そんなある日、チェコの美術館の館長やキュレイター、大使館の人とアトリエで展覧会の打ち合わせをしている時、突然ヨーコさんがやって来た。シルクハットにサングラスの鼻眼鏡、見なれたあのスタイルで。その時のチェコの人達の驚き方は、まるで立ったまま凍結してしまっているかのようだった。

 まさかのまさか、世界の超有名人が現われたものだから、彼等は言葉を失ったままだった。翌日、チェコ大使館から、「こんなスーパースターと友人のヨコオなら、問題なくチェコでの個展はOK!」というおかしな理由で話がすんなり。

コンビニ感覚でニューヨークに来る!?
揺るがないヨーコとの友情

 ヨーコさんが何回アトリエに来たかは憶えていないけれど、とにかく来日の度に遊びに来てくれるのは僕の楽しみのひとつになっていた。

 ヨーコさんが最後に来たのはコロナ禍の寸前だったと思うが、突然ニューヨークから電話があって、「横尾さん、ニューヨークに来ない?」と。

「体調がもうひとつだからヨーコさんがこっちにおいでよ」と答えると、数日後また電話があった。「あなたが来ない、と言うから来たわよ」とまるでコンビニに行くような感じで、その衝動的な行動に僕は腰を抜かすほど驚いた。

書影『運命まかせ』(横尾忠則、新潮社)『運命まかせ』(横尾忠則、新潮社)

 そして次の日は京都、さらにその2日後にロスアンジェルスから電話。彼女の神出鬼没の行動には、あきれて、言葉もない。こういう友人がいつも近くにいてくれれば、どんなに刺激になって、どんどん絵が描けていくんだろうなあと、いつも、遠いニューヨークに想いをはせて、もう一度ニューヨークに行きたいと思うのだが、中々身体が思い通りに動いてくれない。
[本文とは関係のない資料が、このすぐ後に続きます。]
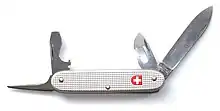 | Camper or Scout | The traditional camper or scout knife has four tools: a large drop point blade along with a can opener, combination cap lifter/slotted screwdriver, and an awl or punch. Many other combinations of large and small drop point blades, a Phillips-head screwdriver, saw, etc. are also considered camper/scout knives. | ![]() Victorinox Soldier, a Camper or Scout pattern pocketknife | |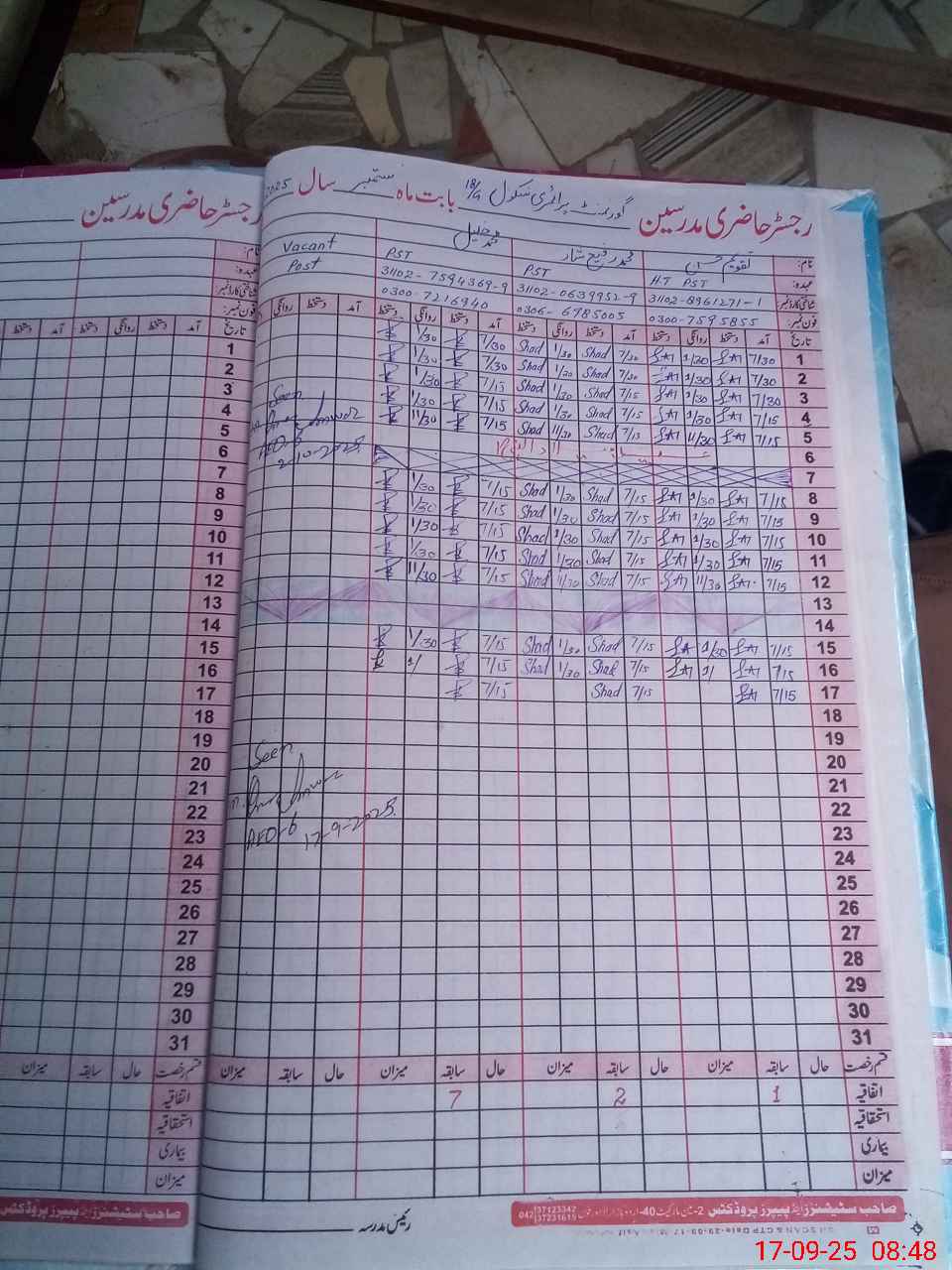 | Name: Ta**** Ha**** Designation: (School Headmaster's/Headmistress's) P S T Phone/Cell Number: 03**** |

 そんなグチをこぼすとヨーコさんには「だって、私は車椅子に乗ってまで日本に行ったじゃない!」と叱られそうな気がする。

 ジャスパー・ジョーンズからは作品もいただいているけれど、彼の最大のプレゼントはなんと言ってもヨーコさんとジョン・レノンを紹介してくれたことであった。

 永遠の友、ヨーコ・オノ&ジョン・レノンには向こうに逝くまでにもう一度会いたい。